Year Two

The Vagaries of Magic (Interlude)

Magic is a many-faceted thing. To understand the world Harry Potter lives in, the world Harry Potter creates, knowing the nature of magic is eventually necessary. Though there are many so-called "schools" of magic—transfiguration, charms, runes, and the obnoxiously nebulous "Dark Arts"—broken up into categories, those are simply arbitrary mnemonics, created for ease of learning. The origin and source of magic are a mystery as old as time, but as mankind has come to use it and manipulate it something important became apparent to the most perceptive witches and wizards. At its core, magic is about just two things: intent and focus.
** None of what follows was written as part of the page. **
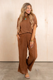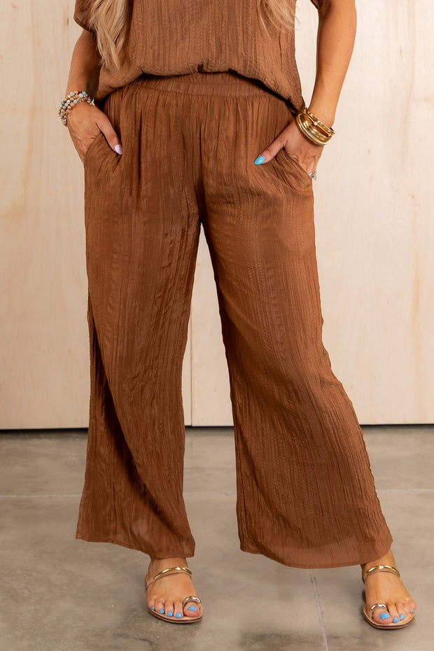 These Wide Leg Pant offers a comfortable elastic pull-on waistband and practical side pockets. Made from textured material, it combines style with a relaxed wide leg silhouette for easy movement and a modern look.

Almost any question about magic can be related to these two simple truths.

For example, why are some wizards more powerful than others? Intent and focus. Tom Riddle is an exceptionally bright and talented wizard to be sure, but his true magical force comes from the torrent of intent put into each spell. Every curse and jinx he wields has the force of every fiber of his being, poured into want and released in power.

Albus Dumbledore, his opposite in the first war, is his opposite in this sense too. Dumbledore certainly has strong latent intent as a wizard, but his real strength comes from his focus. For example, if Tom Riddle were to hastily conjure a chair, it would be adequate and possibly comfortable if he so desired. If Dumbledore did the same, the chair would be unique in every way and ornately detailed, down to the phoenixes carved into the redwood armrests and the garishly decorated padding—with no real effort on his part. It is just as he imagined it.

This is why a witch like Hermione Granger could never be a truly powerful magic user. While her inborn brilliance and focus are beyond equal in all Britain, her intent is sorely lacking. Her years of Muggle schooling and a penchant for academia made magic an intellectual exercise for her rather than a practical one. For her, learning new spells is about the fact that new knowledge was acquired and not what can be done with that knowledge.

But what does this have to do with Harry Potter? Everything, of course. Harry Potter's life is the unwelcome convalescence of some of the most powerful magic ever wielded: Horcruxes, blood wards, Fidelius Charms, on and on ad nauseum. Ironically, the most powerful type of all is not even real magic; in 2021 it was discovered that prophetic trances are actually a symptom of a type of schizophrenia only developed in magical people, more prevalent in females than males.

Whoops. Sorry about that Harry. Honest mistake.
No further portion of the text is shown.